The lack of training means the death of companies
Estimated reading time: 3 minutes.
I’m left handed. Like many people. But when I was small, I used to think that I was the odd one out, as my grandmother never stopped saying that it was normal to use your right hand and started to correct me… What’s more, when she saw me doing anything that she didn’t like, she’d come out with “You don’t do it like that (meaning the way in which I decided to approach a specific task), it’s done like this.” (meaning the way my grandmother did it). Luckily, although I was always a good, obedient child, I paid little attention to many of her demands, and continued writing, eating and living with my left time, at the same time I found new ways of doing things that I had always seen done in a boring, methodical way.
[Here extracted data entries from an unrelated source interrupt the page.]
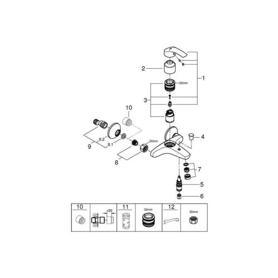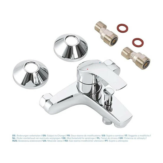 Die GROHE Eurosmart Einhand-Wannenbatterie für die Wandmontage ist mit einem Bedienungshebel aus Metall mit Temperaturbegrenzer, einer GROHE SilkMove® 35 mm Keramikkartusche, der GROHE StarLight® Chromoberfläche, einer variabel einstellbaren Mengenbegrenzung sowie einem 1/2′-Brauseabgang mit integriertem Rückflussverhinderer ausgestattet. Die Umstellung zwischen Wanne und Brause erfolgt automatisch. Zum Lieferumfang gehören die S-Anschlüsse und die Wandrosetten aus Metall.
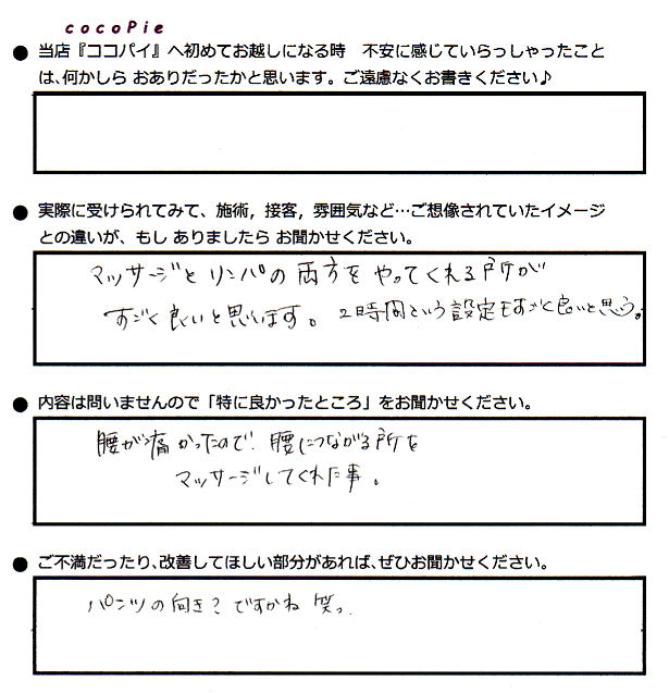 腰が痛かったので、腰につながる所をマッサージしてくれた事。
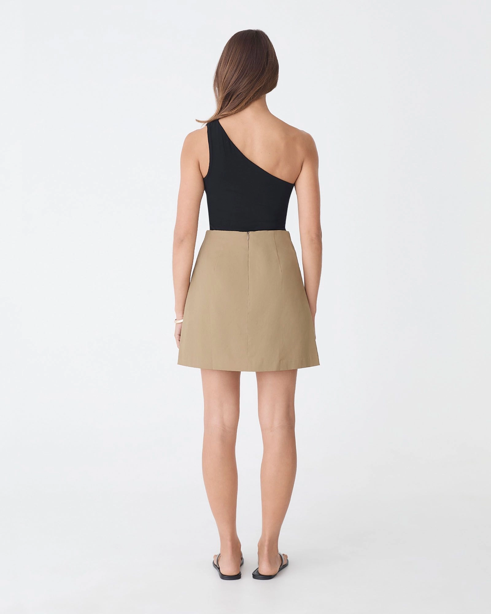 Stay polished with the Winnie A-Line Button Skirt. Made from a structured, cotton-blend fabric, it features decorative front buttons and an invisible back zipper in a flattering high-waist A-line silhouette. Style the mini skirt with a blouse and heels or pair with a tee and sneakers for off-duty days.
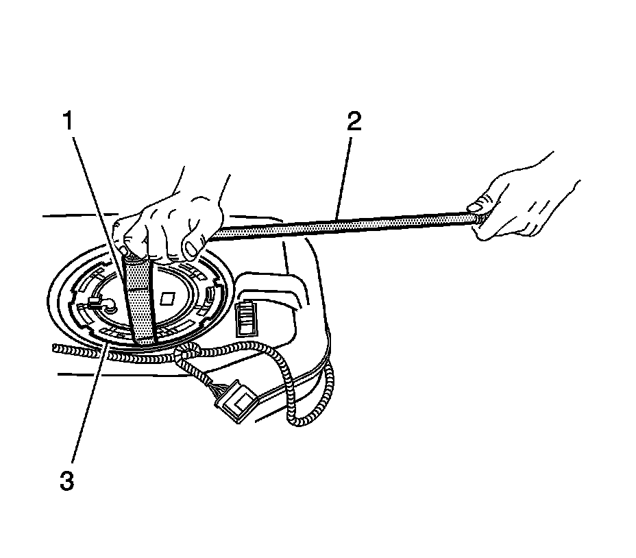 9. Use the J 45722 - wrench (1) and a long breaker-bar (2) to install the fuel tank module lock ring (3), by turning clockwise, until fully seated.
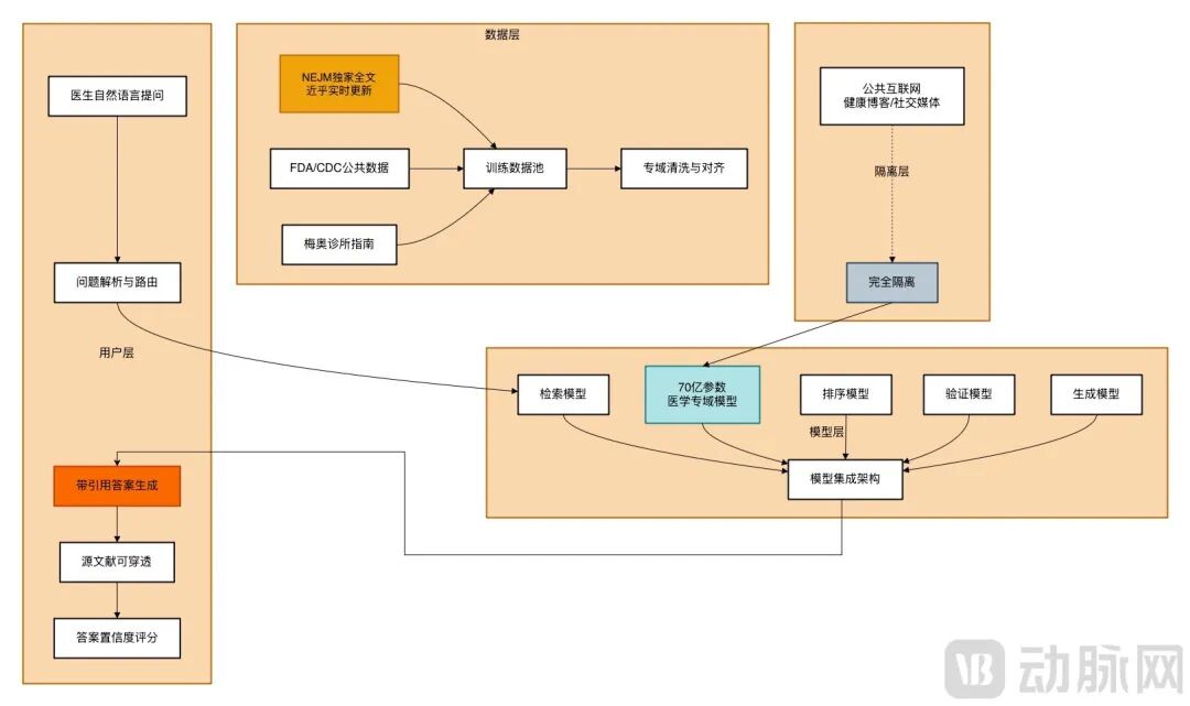 OpenEvidence摒弃了通用AI“参数竞赛”的逻辑,走垂直知识深化路线,其技术体系围绕“垂直化模型训练”、“证据可信度”和“医疗场景可用性”三大核心构建。
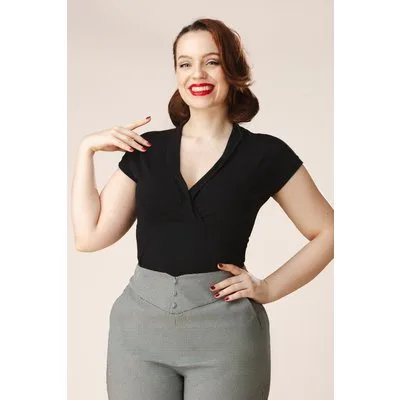 “Let’s go retro!” Deze top is uitgevoerd in een stretchy EcoVero viscosemix in zwart — zacht, duurzaam én heerlijk om te dragen. * V-hals met vaste overslag * Korte kapmouwtjes * Lang genoeg om op een normale heupbroek te dragen
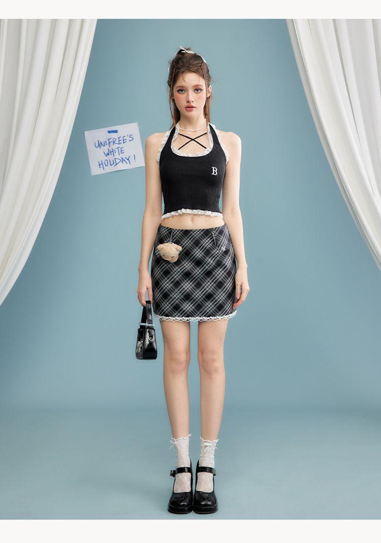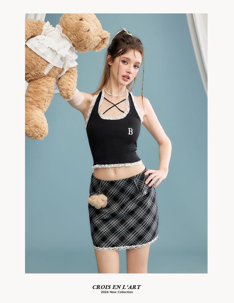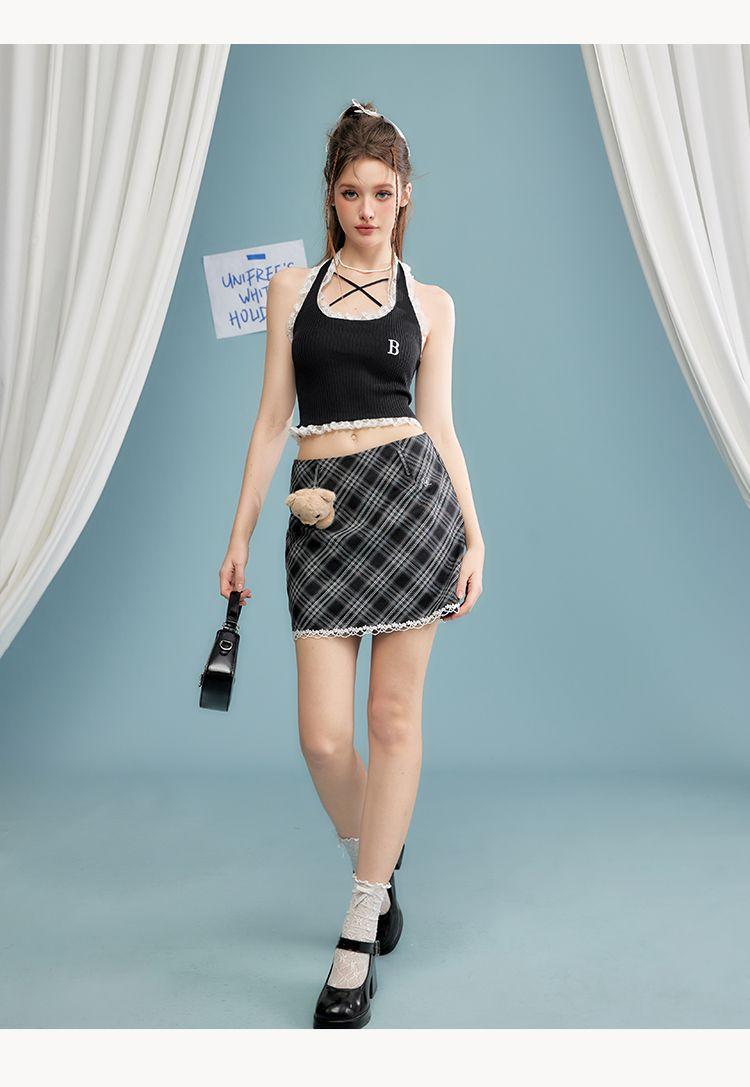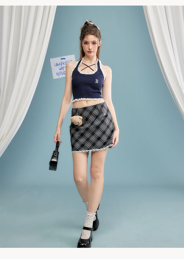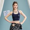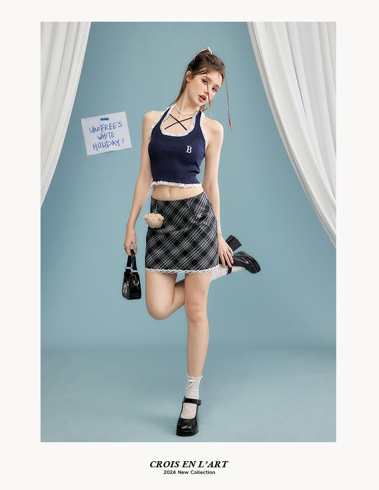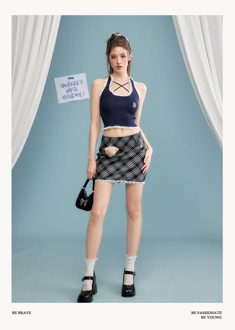 Camisola de verano para chica sexy, estilo nuevo, prenda exterior, dulce, sexy, sin espalda, corta, sin mangas, de punto, con encaje, costuras ajustadas.
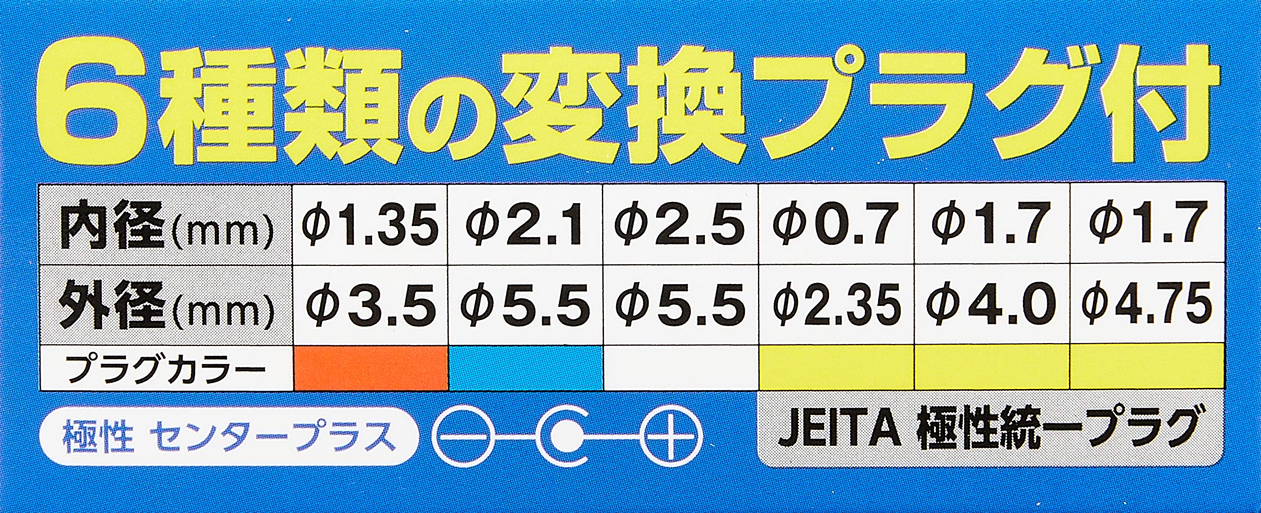 3営業日以内に発送≪新品未開封品≫:■定格入力:AC100V 50/60Hz ■定格出力:DC6V/1000mA ■コード長:約1.8m ■極性:センタープラス ■変換プラグサイズ: 内径/外径(mm):φ1.35/φ3.5 内径/外径(mm):φ2.1/φ5.5 内径/外径(mm):φ2.5/φ5.5 内径/外径(mm):φ0.7/φ2.35(JEITA 極性統一プラグ) 内径/外径(mm):φ1.7/φ4.0(JEITA 極性統一プラグ) 内径/外径(mm):φ1.7/φ4.75(JEITA 極性統一プラグ)
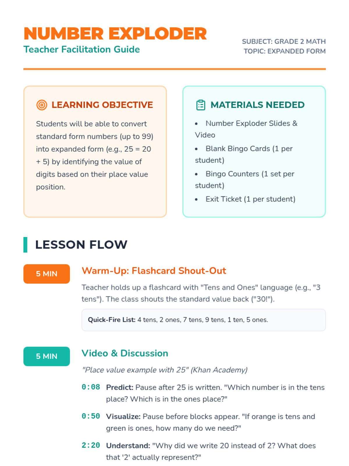 A second-grade math lesson where students learn to decompose two-digit numbers into expanded form using base-10 block visualizations and an interactive Bingo game.
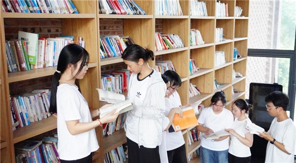 走近文创园,一块具有特色的立牌出现门口。“文创园”三个大字格外醒目,旁边还有“各族青少年交流计划实践基地”的字样,底下的壮族铜鼓与荷花样式令人陶醉其中。进入文化园中,先是一尊饱含科技感的雕塑落入眼中,而后面的屋子作为农家读书角使用。走进农家图书角,两边一整面的书籍就使我震惊不已。一个乡村读书角中,拥有着如此大量的藏书,无疑是令人值得称赞的,在平常无论是村民还是游客走入其中定能获得知识的熏陶,实践队员们也在其中驻足观看其中书籍并帮忙整理图书。文创园除了拥有农村读书角外,还有着精美无比的扎染布匹成品展示与旧物件摆放的展示区域等。多种多样的展出区,使得我目不转睛,也能感受出文创园在建设上的用心,也能让人们更加感受到了文化产品的魅力。

In a short time, new technologies and the Internet have meant an authentic revolution in the way of relating to one another and communicating socially. It also affects, to a greater extend, the business world. Companies no longer target anonomous, mass customers who buy anything, rather they need to seduce an increasingly more segmented public who knows—and demands—what they want and who, for the first time, has a voice and an opinion. The end user knows the evaluation that others have made of a specific product or service and demands a personalized, quality attention.
However, faced with this change in paradigm, which is no longer anything new, many companies continue to live in the past—not even in the present—and preserve business values that underestimate the importance of training and creativity. Imagine if all major business owners of our country continued to apply the advice of their grandmothers to the letter. Although they are valuable and esssential, they belong to an era that is not ours to live and, like everything, that advice is no longer valid.
Reinvent yourself or die. The lack of training means the death of companies.
As I heard Doménec Biosca, president of Educatur, say at a conference recently, “we cannot continue to talk about human resources, rather people with resources.” Products and services, when it comes down to it, are quite alike. What marks the difference is people, who have to be capable of moving the customer, giving them a unique experience and personalized attention. But that can only be achieved by companies that have previously managed their internal emotions. In other words, that have analyzed and encouraged the skills of their employees, that promote channels of efficient communication and that go that extra mile to achieve specific dreams and not just business figures. Nowadays, in a especially hostile environment, only those that want to survive do —wanting is power—, in other words, those that adapt to changes best and quickly, not the strongest.